A safety researcher named 0xflorent labored with the workforce behind Ethereum in 2016 ($ETH) ICO deal unlocks almost $2 million in Ether that was locked away for 9 years in a coordinated white-hat restoration that exploited an integer overflow flaw that was not patched by the unique developer.
This contract belongs to HongCoin, which was purported to mechanically refund Ethereum to buyers after failing to fulfill its fundraising purpose throughout a token sale in 2016, however a bug within the refund perform prevented the refund from occurring.
Path 0xflorent unfrozen 1,003.62 $ETH48 unique buyers are presently eligible to assert. Two individuals did this and obtained a complete of 96.5. $ETH It's price about $193,000, he stated on Sunday's X Thread.
First White Hat Exploit on Ethereum: 1,003.62 unlocked
Ξ ($2,000,000) Trapped in an ICO Sensible Contract in 2016
9 years.The unique 48 buyers can now declare their funds. pic.twitter.com/lyh5iyaDu7
— 0xflorent.eth (@0xFlorent_) Might 31, 2026
The contract's refund logic meant that holders whose token stability exceeded a worldwide counter of 356 after years of partial refunds had been rejected, with a cap on additional refunds of three.56. $ETH.
0xflorent found that HongCoin's multisig wallet-limited on-contract administration performance lacked integer overflow safety that was later integrated into the Solidity programming language. When known as with particular enter values, the holder's stability can be reset to 1, the refund examine will cross, and the funds can be launched.

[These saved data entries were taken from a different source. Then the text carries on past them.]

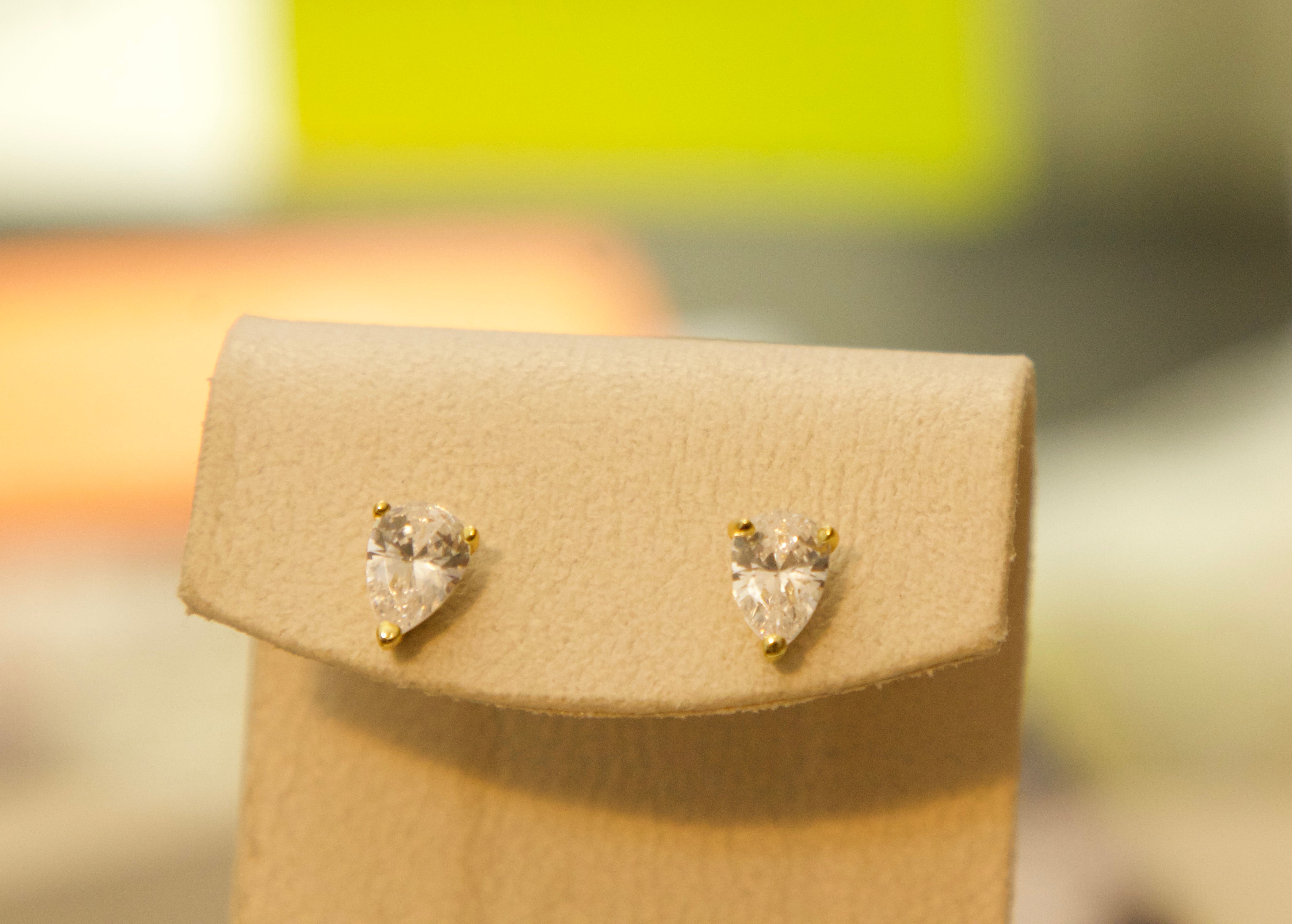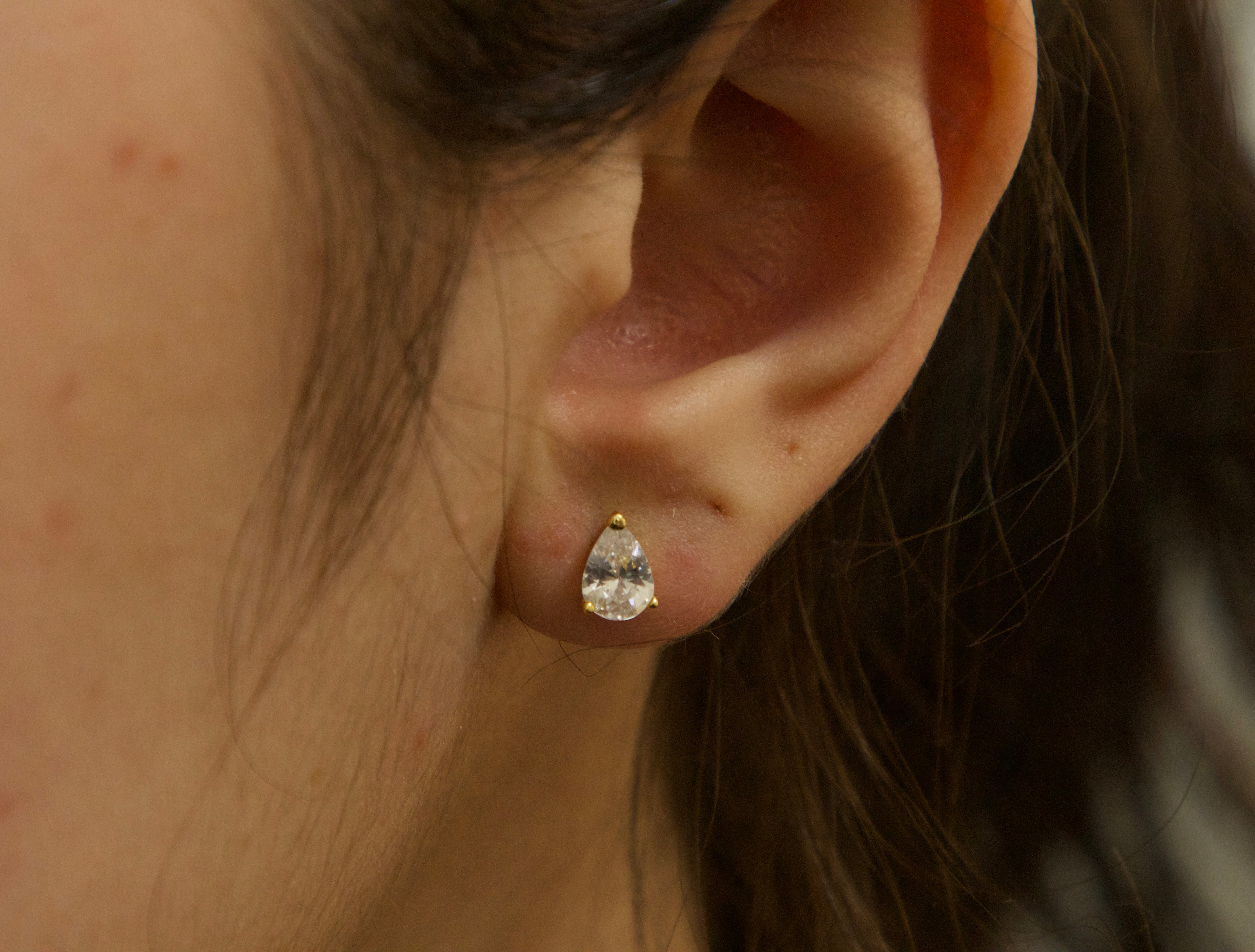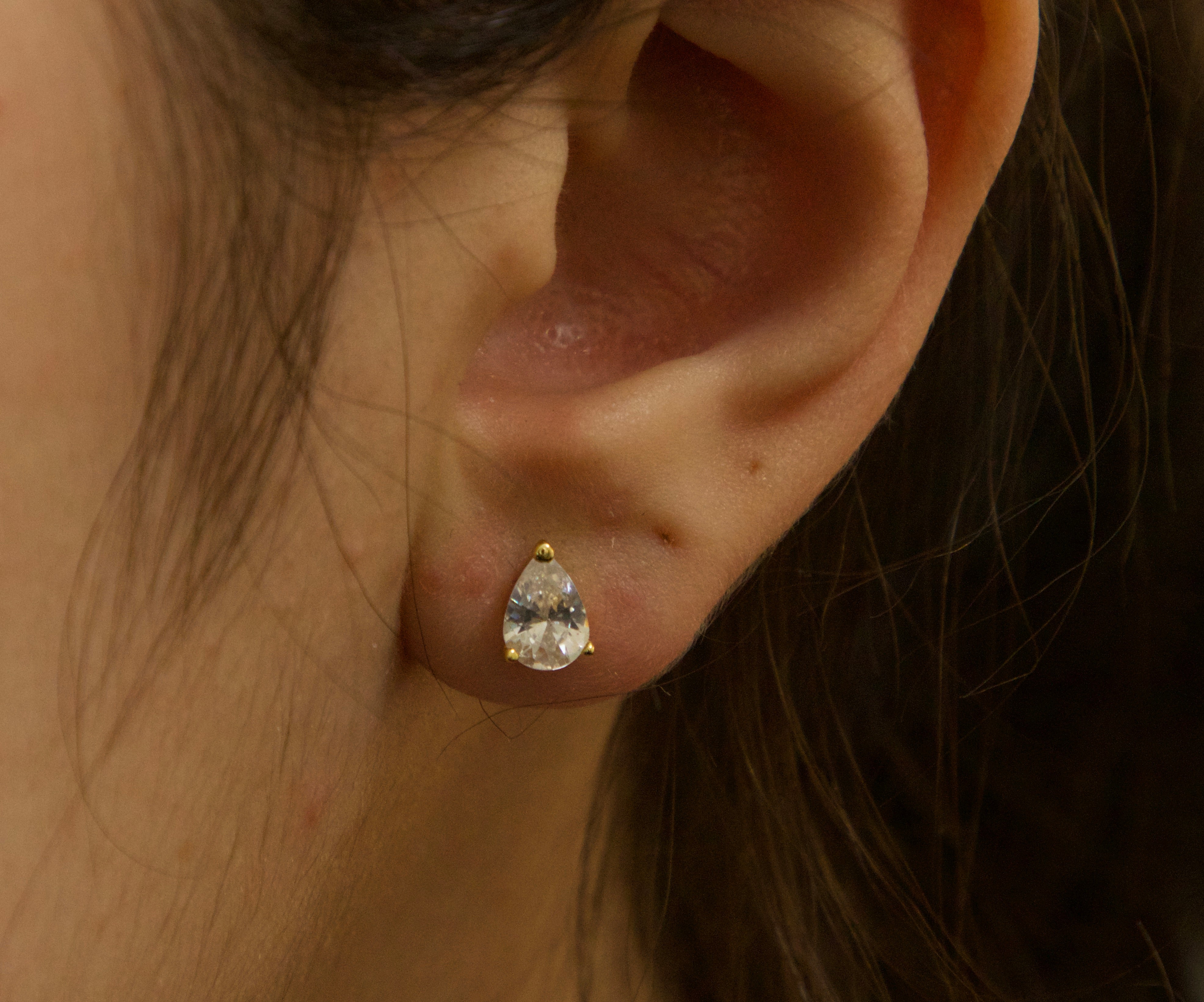 Stone: Premium Grade Pear-Cut Cubic Zirconia (CZ) for diamond-like fire.
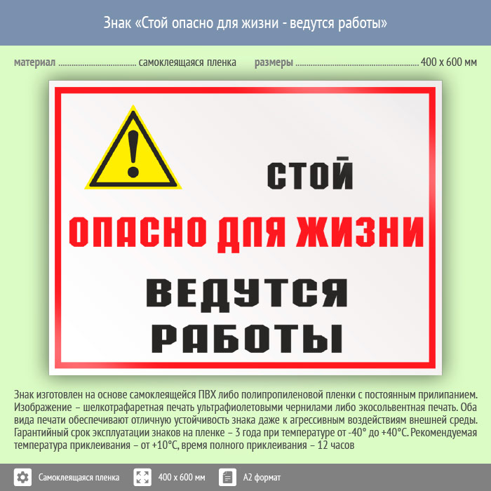 Знак «Стой опасно для жизни - ведутся работы», КЗ-86 (пленка, 600х400 мм) в Хотьково купить
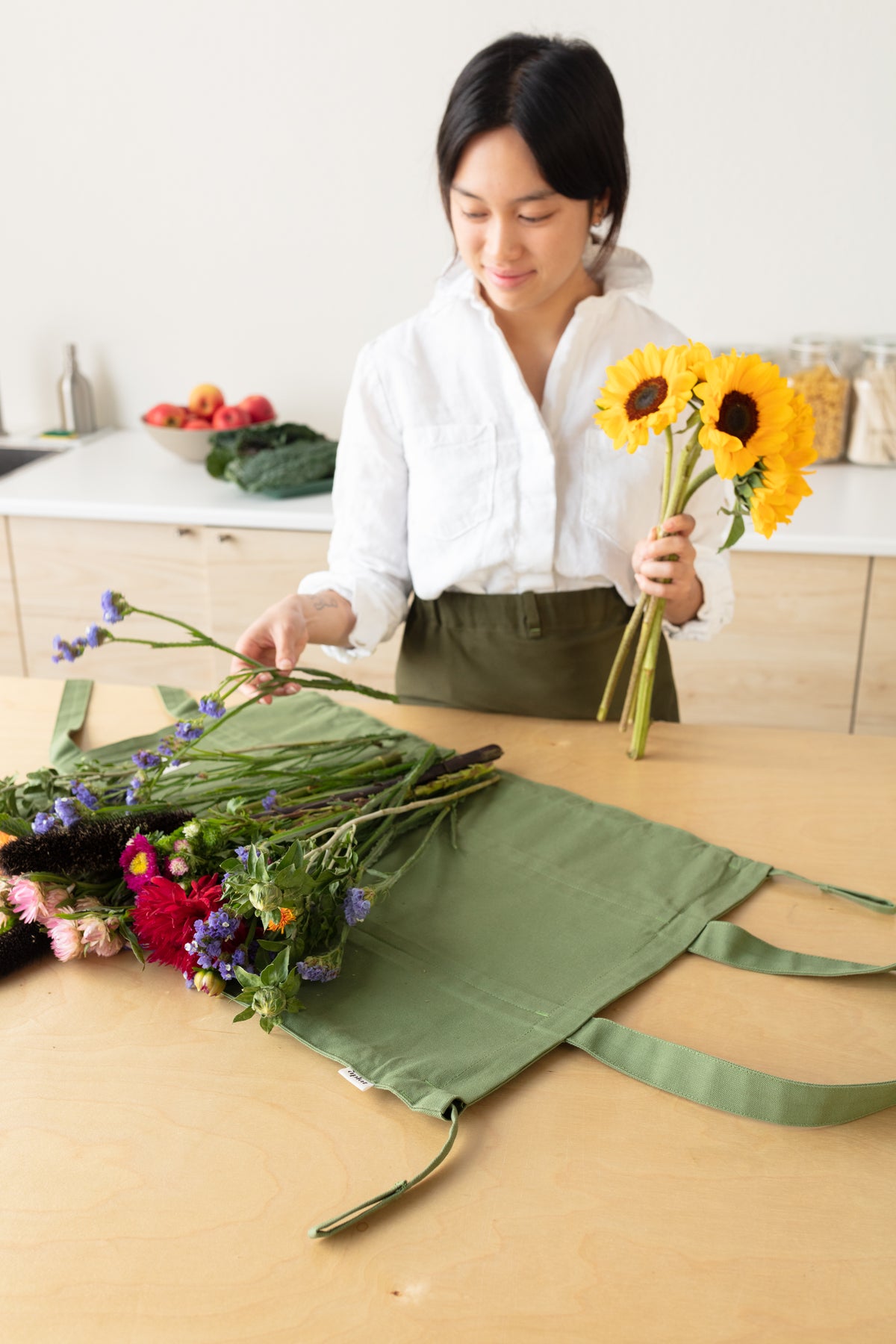 When you bring home flowers, this reusable … tote is a clever and sustainable substitute for cellophane or paper.

Nonetheless, this restoration was not a one-sided exploitation. Since HongCoin multisig was required to carry out administrative features, 0xflorent despatched an e mail to the workforce to confirm the unlock sequence on a check fork of Ethereum's mainnet, and the workforce itself signed the unlock transaction.
We signed 41 transactions, one for every blocked proprietor, and launched roughly 1,000 transactions. $ETH It was actually caught. One other seven holders had balances sufficiently small to be refunded immediately with none workarounds.
That is the second time up to now eight days that 0xflorent has introduced such a restoration.
On Might 24, he stated he returned $19.329. $ETHprice roughly $40,590 to the unique proprietor, together with $5,141 $ETH From the failed January 2018 ICO and 14.190 $ETH It arose from seven expired atomic swaps inside Liquality pockets person accounts that grew to become inaccessible after the pockets closure in 2024.
This restoration has landed throughout a time of large DeFi exploits, with lots of of hundreds of thousands of {dollars} leaked throughout protocols in April alone, led by a roughly $293 million hit to the Kelp DAO.